Data excerpt:
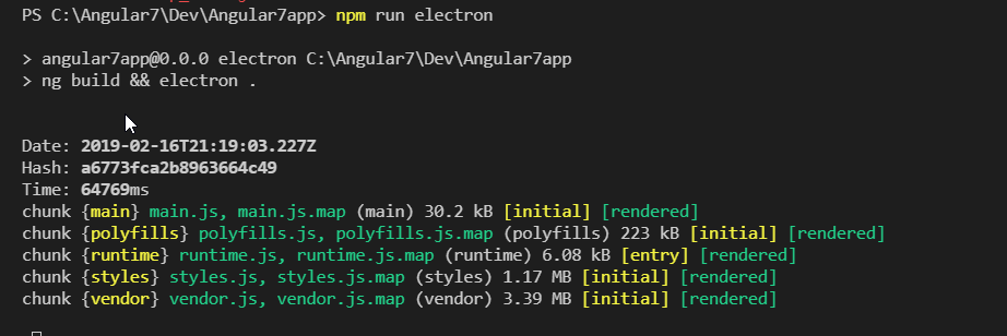 Then, we need to run the following command from our app's directory to show the output of the desktop app. Here, "ng build && electron ." means build the app, then run Electron.
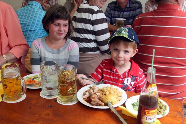 „Mir g’hörn zam! Hofstetten“ war auf den T-Shirts der Bewohner zu lesen. Und dies bewies wieder einmal mehr die Dorfgemeinschaft Hofstetten. Sie hatte alles unter der Dorflinde bestens vorbereitet, für ein geräumiges Zelt gesorgt, so dass bei eventuell drohendem Regen die treuen Gäste bei Frühschoppen und Mittagessen dicht gedrängt im Trockenen sitzen konnten. Dazu gab es saftigen Spanferkelbraten mit „echten Reiberknödeln“, leckere Salate, Steaks oder Rostbratwürsteln vom Grill, später zum Kaffe selbstgebackene Kuchen, Torten und Küchln. Natürlich auch kühle Getränke. Nachmittags und abends sorgte das „Duo-Zapf“ mit Musik und Gesang für Stimmung.
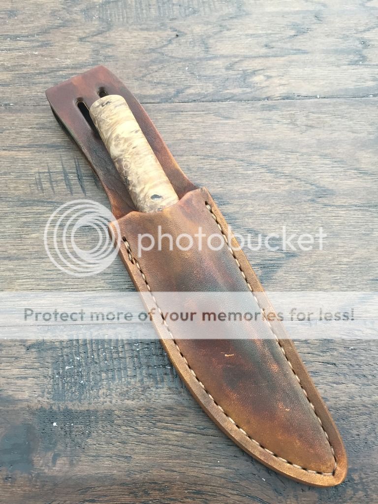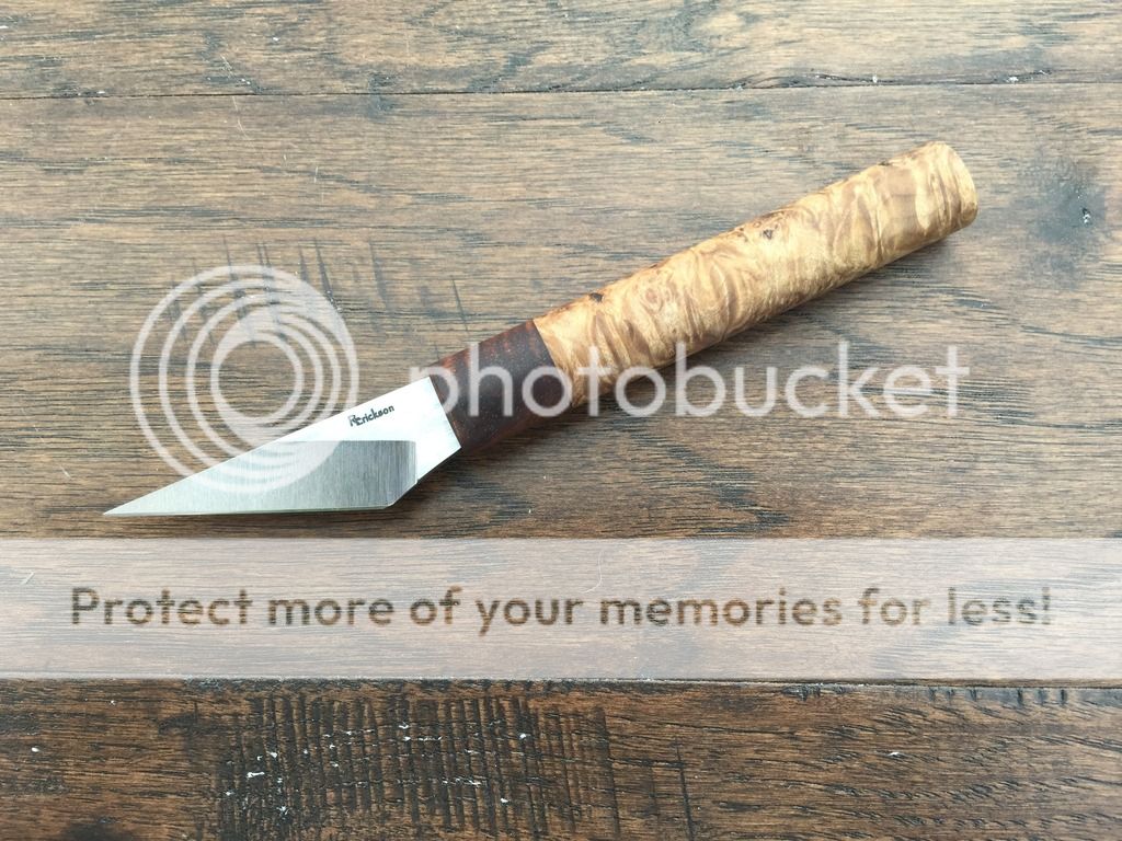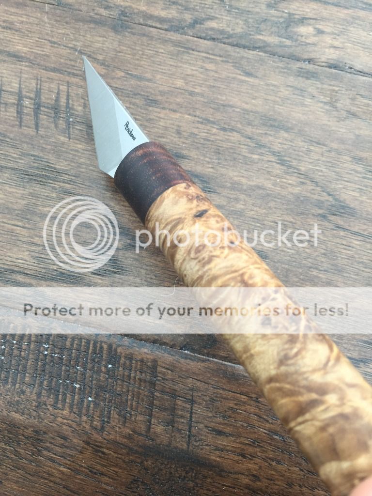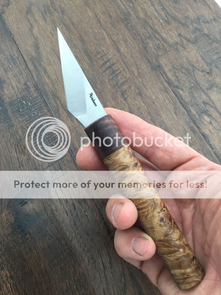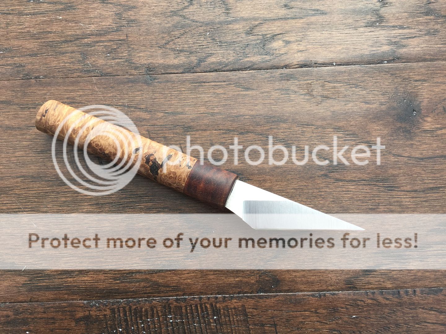 I'm offering this Kiridashi up for sale today. It's 3V steel heat treated by Peter's to RC60. The handle is stabilized Spalted Maple Burl and stabilized Koa. It comes with a leather sheath. Both the flats and bevels are satin finished with "gator" belts and I took the edge down to 0.005" before sharpening. Should make a great little utility knife.
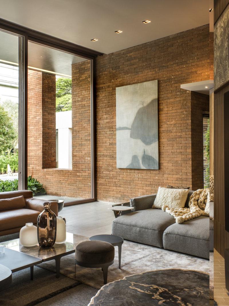 Reunidos num único e amplo ambiente, o living com lareira e a cozinha gourmet estão sempre conectados ao gostoso jardim de 118 m² graças aos generosos panos transparentes de vidro. “Usamos caixilhos de alumínio, linha FEAL Slim 120, com acabamento no tom cobre, ambos lançamentos da Tecnofeal, que compõem as três portas de correr com o maior vidro jumbo brasileiro. Cada um mede 4,30 de altura e pesa aproximadamente 350Kg”, explica a arquiteta.

Task requirements: Retype exactly, and only, the lines from the one containing "I'm offering this" through the end of the material, leaving aside every picture.

Task result:
 I'm offering this Kiridashi up for sale today. It's 3V steel heat treated by Peter's to RC60. The handle is stabilized Spalted Maple Burl and stabilized Koa. It comes with a leather sheath. Both the flats and bevels are satin finished with "gator" belts and I took the edge down to 0.005" before sharpening. Should make a great little utility knife.
 Reunidos num único e amplo ambiente, o living com lareira e a cozinha gourmet estão sempre conectados ao gostoso jardim de 118 m² graças aos generosos panos transparentes de vidro. “Usamos caixilhos de alumínio, linha FEAL Slim 120, com acabamento no tom cobre, ambos lançamentos da Tecnofeal, que compõem as três portas de correr com o maior vidro jumbo brasileiro. Cada um mede 4,30 de altura e pesa aproximadamente 350Kg”, explica a arquiteta.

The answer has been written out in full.